A rebellious teen, Liz attended New Trier High School in Winnetka, Illinois, the same school also attended by Lili Taylor, Charlton Heston, Ann-Margret, Rock Hudson, Adam Baldwin, Ralph Bellamy, Hugh O'Brien, Penelope Milford, Bruce Dern and Virginia Madsen. Upon graduating in 1985, she went to Oberlin College in Ohio to study Art History/Studio Art. It was in college that Liz became mesmerized with underground indie rock, which led to her friendship with guitarist Chris Brokaw.
The 5' 2” beauty married Jim Staskouskas, an award-winning film editor who had worked on her videos, in 1995. She gave birth to a son named James Nicholas Staskauskas on December 21, 1996. The couple divorced in 2001 after six years. Phair has since lived in Los Angeles with her son.
Don't Have Time
First attracted to underground indie rock while in college, Liz Phair headed to New York after completing her Art History/Studio Art studies and found work as an intern for political artists Leon Golub and Nancy Spero. She then relocated to San Francisco to become an artist, but decided to return to her childhood hometown of Chicago in 1991.
In Chicago, Phair started writing songs and thanks to the encouragement of guitarist Chris Brokaw, she also began making demo tapes, which was later known as “Girly Sound.” Recorded with a 4-track machine in her bedroom, these tapes consisted of three cassettes including “Yo Yo Buddy Yup Word To Ya Muthuh” and “Girls, Girls, Girls,” with a total of 32 songs. During that period, Phair sold her drawings on the streets of Chicago in order to make ends meet.
A member of the alternative music scene in Chicago, Phair became involved with local upstart bands Material Issue and Urge Overkill, and drummer Brad Wood and John Henderson, the head of the independent label Feel Good All Over. She teamed up with Henderson to re-record “GirlySound” and sent it to Brokaw, who passed the tapes to Gerard Cosley, the head of Matador, a record label that signed Comes. Impressed with Phair's new sound, Cosley subsequently took the singer under his wings.
Eventually, in 1993, Phair released her debut album, “Exile In Guyville,” which peaked at No.196 on the Billboard 200. A song-by-song reply to the Rolling Stones' “Exile on Main Street,” the album gained general critical praise and became a favorite among fans of alternative rock. By the spring of 1994, it had sold more than 200,000 pieces and went on to receive gold certification thanks in part to the song “Never Said,” whose video got airplay on MTV.
A highly-anticipated sophomore effort called “Whip-Smart” was launched in 1994. The first single, “Supernova,” became a No. 6 hit on the modern rock chart and went to No. 76 on the Billboard hot 100. It brought Phair her first Grammy nomination in 1995 in the category of Best Female Rock Vocal Performance. Despite the success of its lead single, the album, which debuted at No. 27 on the Billboard 200, earned a mixed response and only achieved gold status. It was also in 1994 that Phair recorded the song “Don't Have Time” for the John Singleton movie “Higher Learning” (1995). The soundtrack earned the singer a second Grammy nomination in 1996.

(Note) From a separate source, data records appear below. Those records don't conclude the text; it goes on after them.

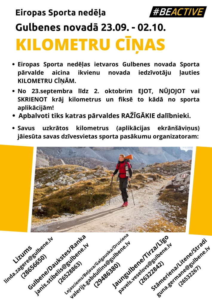 - 23. septembrī Gulbenes novadā sākas Eiropas sporta nedēļas Kilometru cīņas.
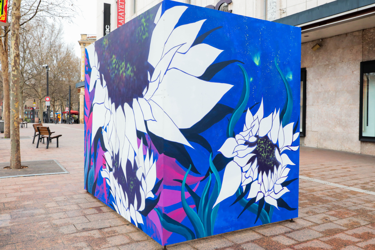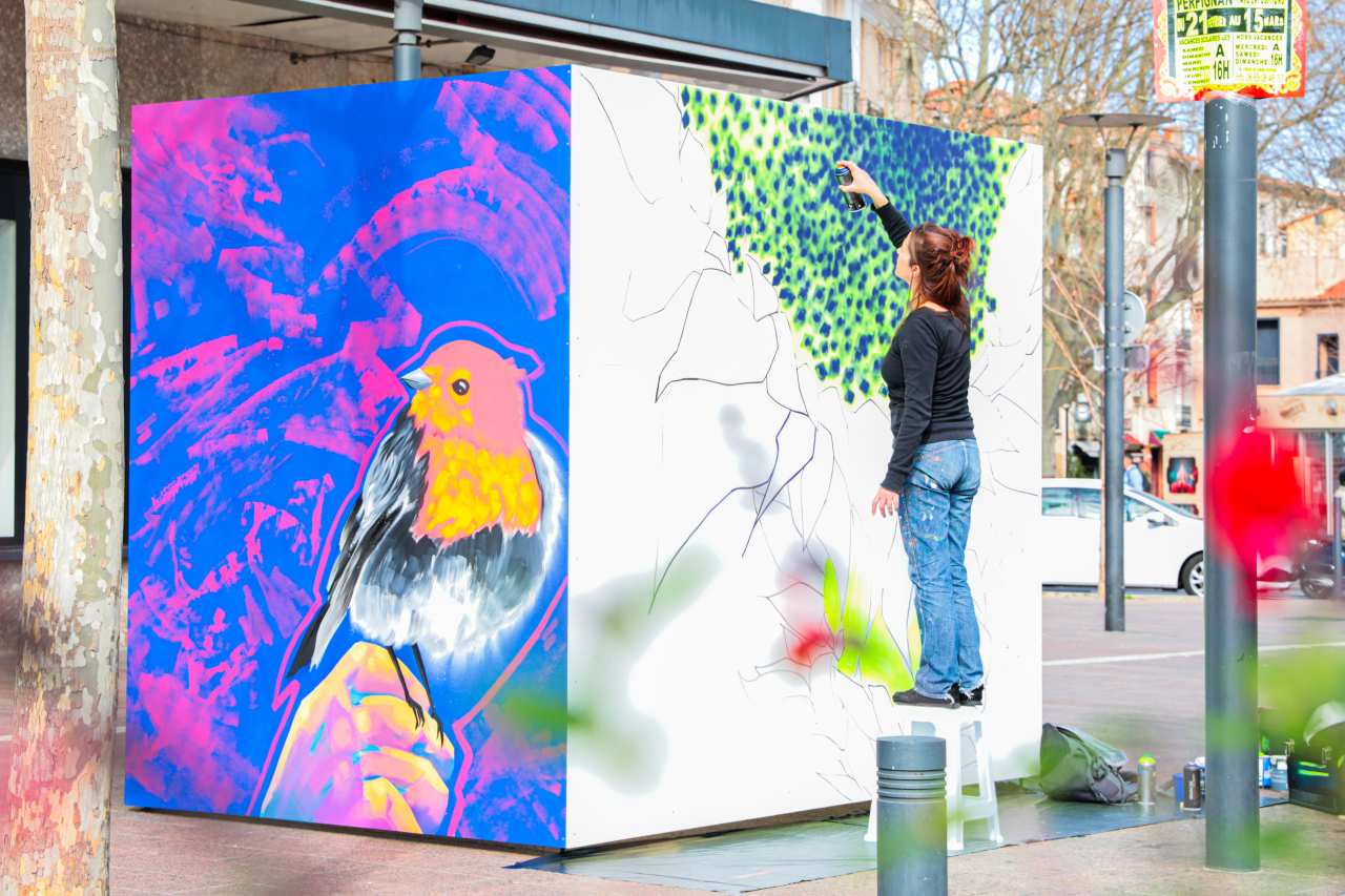 Originaire de la région Rhône-Alpes, LUCCE s’installe à Toulouse où elle commence le travail à la bombe aérosol en 2001. La peinture et le dessin font partie de sa vie depuis son plus jeune âge et peindre dans la rue lui ouvre de nouvelles perspectives : la liberté du geste et du format et le partage immédiat, que ce soit pour une création commune ou pour le plaisir d’échanger avec les passants. Sa spécialité, le trompe-l’œil qu’elle développe en tant que professionnelle depuis près de quinze ans. (https://lucceart.wixsite.com/lucce)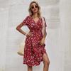 Women's V-neck Short-Sleeve Floral Slim and Sexy Dress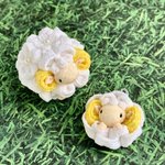 これがこうなってこうなりました🐏 桜吹雪の羊のピアスと三色羊は夕方ミンネに出品予定です #羊工房 #つまみ細工 #羊 #桜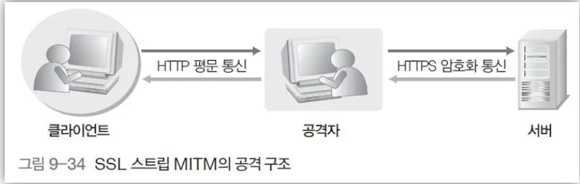 공격자는 클라이언트와 서버 간의 모든 암호화된 HTTPS 데이터를 HTTP로 변조하여 클라이언트에 전달
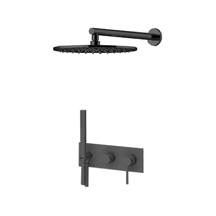GATTONI CIRCLE ONE Комплект для ванны со смесителем двстроенным на 2 вых, ручной лейкой и верхним душем 250мм, цвет NERO OPACO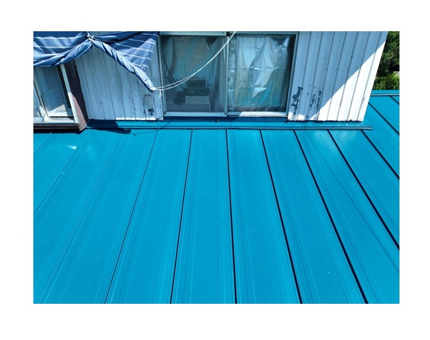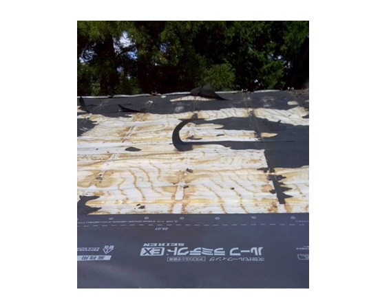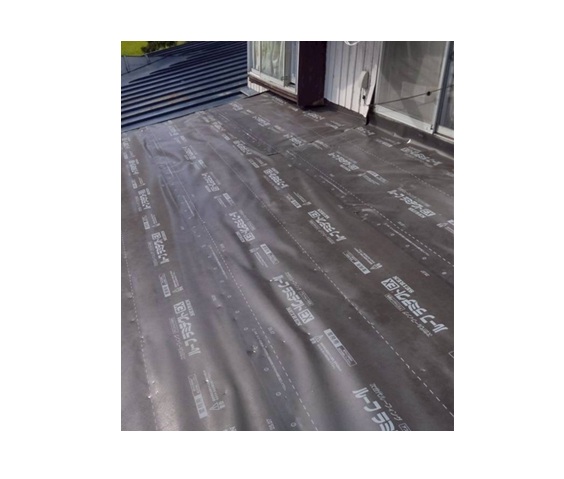屋根葺き替え工事は屋根下地から交換できる唯一の工法です。屋根材は「立平葺き 0.35㎜GL」を採用しました。防水の要・ルーフィングは高品質の「ルーフラミテクトEX」を使用しました。屋根材をかぶせると見えない屋根下地ですが、実は屋根の性能を左右するとても大事なものです。

Phair followed it up the following year with “Juvenilia,” a compilation of several early “Girly Sound” tracks and some B-sides, which included “Turning Japanese,” the 80s classic popularized by The Vapors. However, she spent much of the year away from the public eye and got married. She continued to take a hiatus from music the next year to have a baby and did not resurface until 1998 when she released her third album, “Whitechocolatespaceegg,” which sold only 320.000 copies. To promote the album, she joined the Lilith Fair tour and then hit the road as a main act with such artists as Missy Elliott, Sarah McLachlan, Sheryl Crow and Emmylou Harris. During her long-hiatus, Phair collaborated with Material Issue on the song “The Tra-La-La Song” (1995), a cover of The Banana Splits that was used in the compilation “Saturday Morning,” and with Shudder to Think on the track “Erecting A Movie Star” for the soundtrack of the motion picture “First Love, Last Rites” (1997).

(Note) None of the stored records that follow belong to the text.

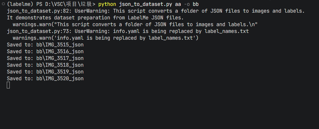 python -m labelme.examples.dataset_tool.json_to_dataset [输入目录名] -o [输出目录名]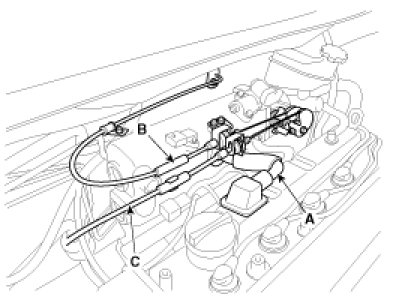 (4) Connect the accelerator cable (B) and the auto-cruise cable (C) from the cylinder head cover.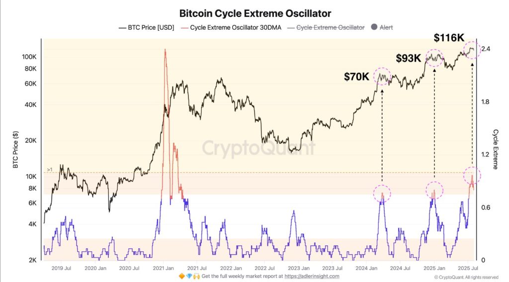 O Oscilador Extremo de Ciclo, que avalia desvios de métricas como NUPL e MVRV, registrou um pico no início de julho, com alerta de superaquecimento.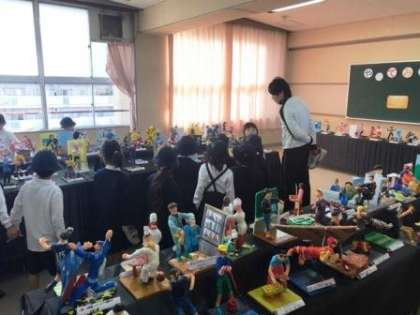 下〜分校で2年生の工作と3年生の絵画を鑑賞する4年生
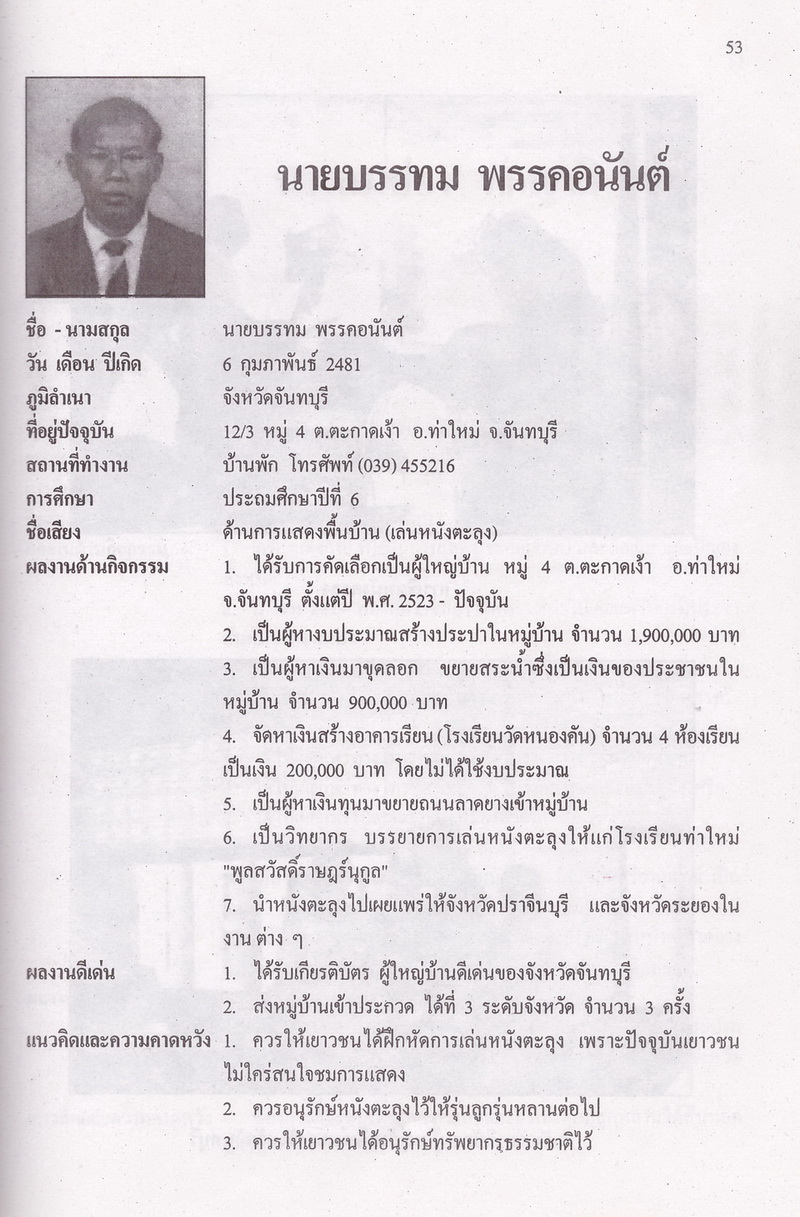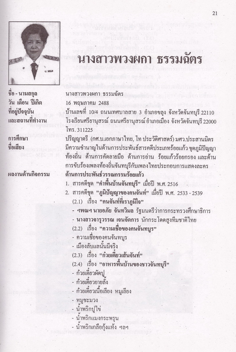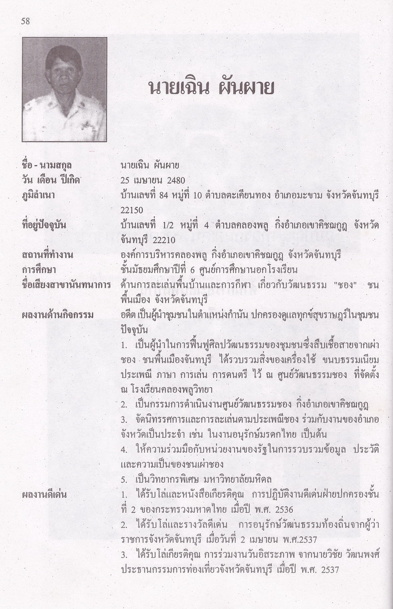 สภาวัฒนธรรมจังหวัดจันทบุรี, “ภูมิปัญญาท้องถิ่นดีเด่น : โครงการส่งเสริมและอนุรักษ์ภูมิปัญญาไทยและวัฒนธรรมพื้นบ้านจังหวัดจันทบุรี,” D-Library | National Library of Thailand, accessed April 2, 2026, http://164.115.27.97/digital2024/items/show/7393.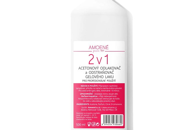2 v 1 - acetonový odlakovač a odstraňovač gelového laku - 500ml.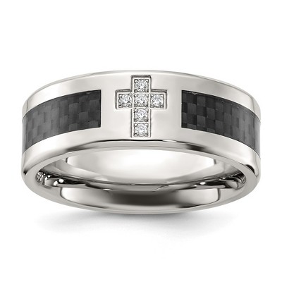 This bold and contemporary wedding band is crafted from durable stainless steel and features a sleek polished finish with a striking black carbon fiber inlay. The 8 mm wide flat band is enhanced with six round white cubic zirconia stones, each 1.5 mm in size, prong-set to provide brilliance and refined detail. Designed with beveled edges for added dimension and a modern profile, this ring blends strength, style, and sparkle—perfect for a distinctive commitment piece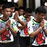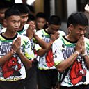 The twelve boys rescued from a flooded cave network hold a press conference before going home.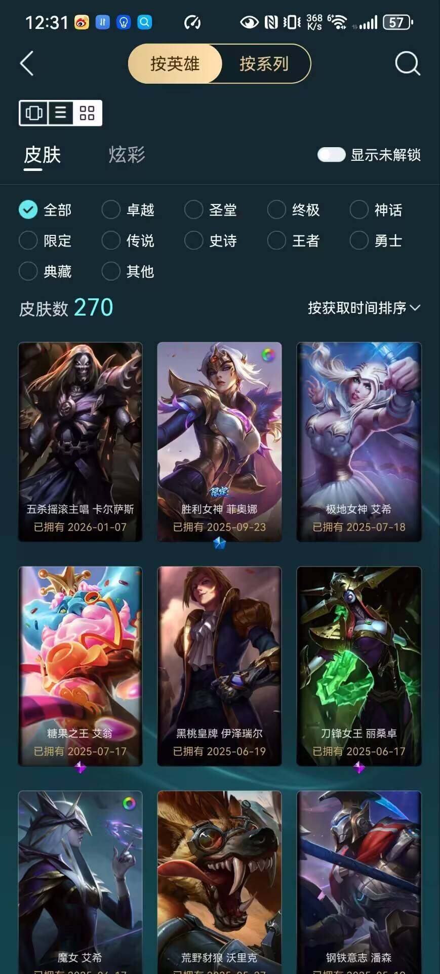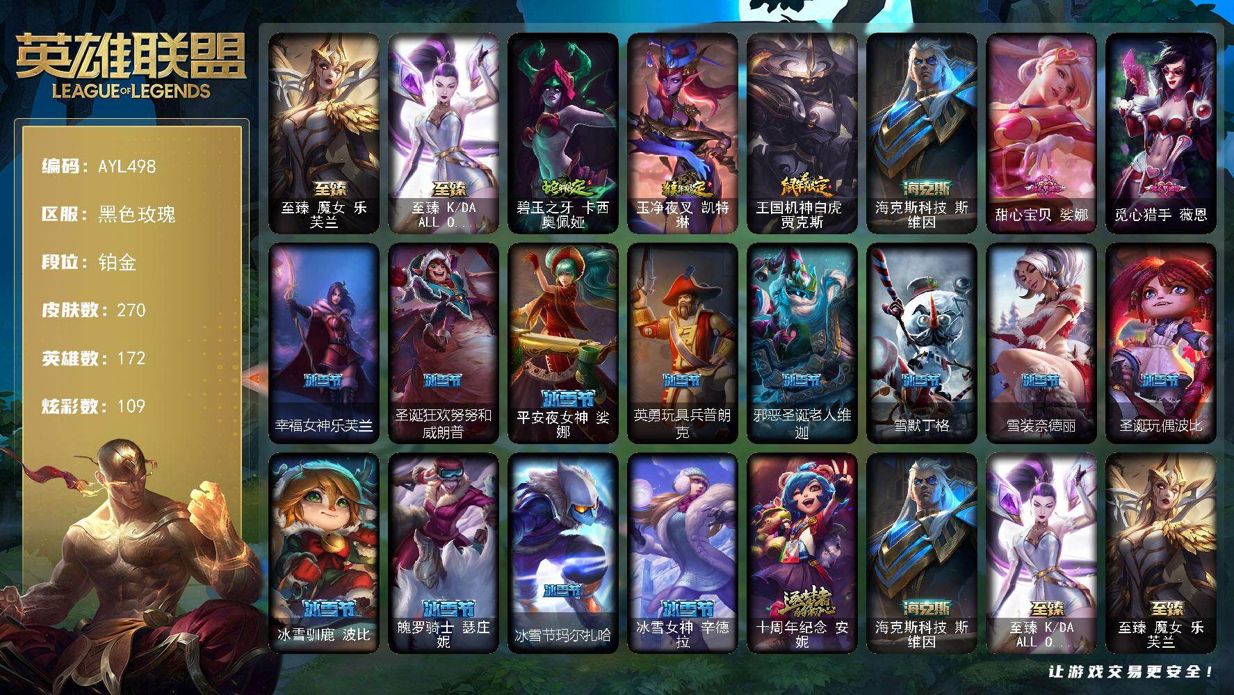 [15946959]可二次【特价出售/店主推荐】铂金段位-172英雄-270皮肤-109炫彩-0终极-4神话-41限定-31传说-79史诗

After the release of “Whitechocolatespaceegg,” Phair spent the next four years without releasing a new album. In reaction to her divorce, she recorded the song “Down” in 2001 and it was released on the Internet only. The following year, she provided backup vocals for Sheryl Crow's hit, “Soak Up the Sun.” Her new album, “Liz Phair,” hit the music stores on June 24, 2003, and was released under Capital Records, her new label after she left Matador. She worked with singer/songwriter Michael Penn and songwriting hit makers The Matrix for the album. A Top 30 hit on the Billboard 200, “Liz Phair” only sold about 405,000 copies and gained mixed critical reviews. It produced the Mainstream/Adult hits “Why Can't I?” and “Extraordinary.”
An in-demand-collaborator, Phair sang backup on the Jimmy Eat World track “Work” for their album “Futures” in 2004 and then collaborated with Canadian singer Kyle Riabko on a track called “Chemistry” the next year. She returned to her studio for the fifth album “Somebody's Miracle,” which was released on October 4, 2005. At a calculated 100,000 copies, the album, which spawned the Top 30 Adult hit “Everything to Me,” marks her lowest selling record to date.
2007 found Phair collaborating with Minnie Driver on the track “Sorry Baby” in the actress/singer/songwriter's second album “Seastories.” The same year, she also contributed a song called “Perfect Misfit” to the soundtrack “Nancy Drew,” a crime film starring Emma Roberts that was directed by Andrew Fleming. She also provided the song “Count on My Love” for the motion picture “No Reservations,” which starred Catherine Zeta-Jones and Aaron Eckhart. Phair plans to release her new album in 2008.
Apart from music, Phair is an occasional actress. She played the supporting role of Brynn in the Finn Taylor film “Cherish” (2002), opposite Brad Hunt and Robin Tunney, and made a guest appearance as Jackie DeShannon, a 1960s pop singer, in a 2004 episode of the drama/music series “American Dreams.” She also appeared as a yoga teacher in the comedy film “Seeing Other People” (2004).